● **PROMPT**: The answer is to be the data that follows, transcribed exactly, minus its pictures.

● **SUPPLIED MATERIAL**:
**********

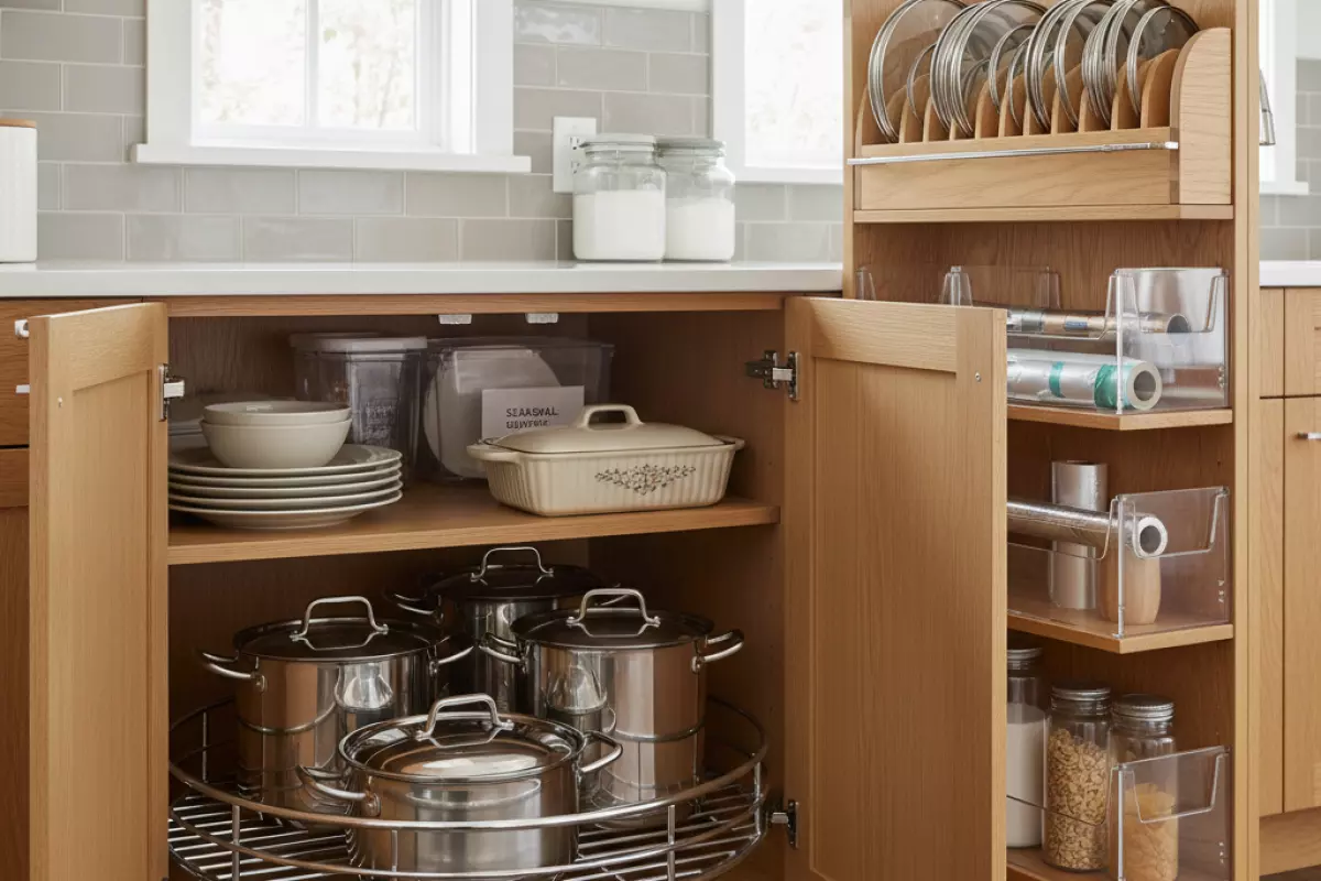 Используй углы и дальние отсеки как «зоны редкого доступа»: туда логично убирать то, что не нужно каждый день. Тогда не придется каждый раз вынимать половину содержимого, чтобы достать одну форму или кастрюлю.
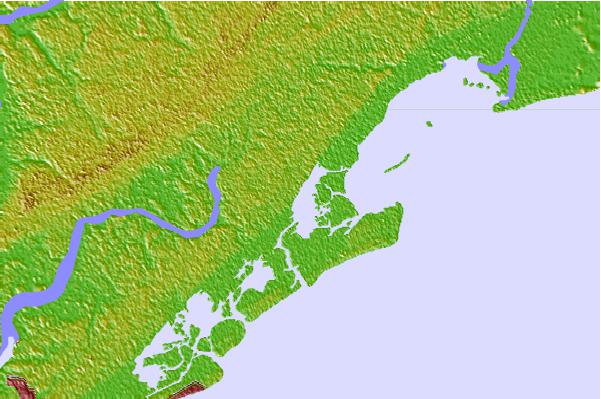 Use this relief map to navigate to tide stations, surf breaks and cities that are in the area of Moores Landing, ICWW, Sewee Bay, South Carolina.
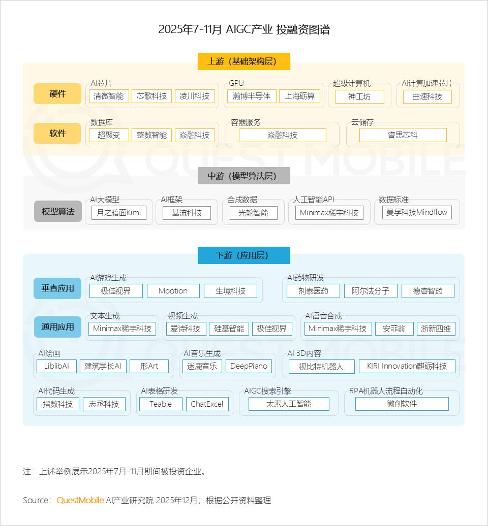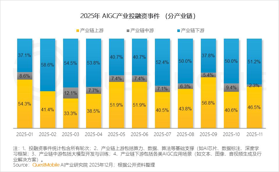 据公开资料显示,2025年7月-11月AIGC产业共完成186起投融资,金额达336.7亿元,较上半年增加20.8%。
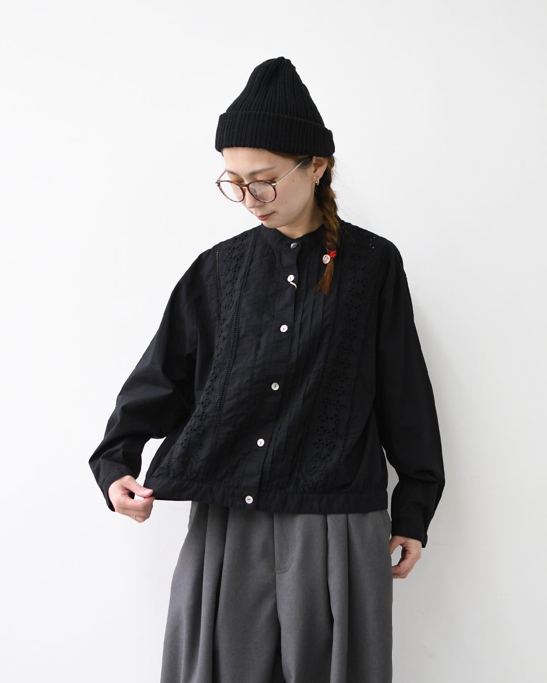 ほんのりとした透け感があるので、インナーとの組み合わせも自然に楽しめます。

**********

● **EXERCISE ANSWER**:
 Используй углы и дальние отсеки как «зоны редкого доступа»: туда логично убирать то, что не нужно каждый день. Тогда не придется каждый раз вынимать половину содержимого, чтобы достать одну форму или кастрюлю.
 Use this relief map to navigate to tide stations, surf breaks and cities that are in the area of Moores Landing, ICWW, Sewee Bay, South Carolina.
 据公开资料显示,2025年7月-11月AIGC产业共完成186起投融资,金额达336.7亿元,较上半年增加20.8%。
 ほんのりとした透け感があるので、インナーとの組み合わせも自然に楽しめます。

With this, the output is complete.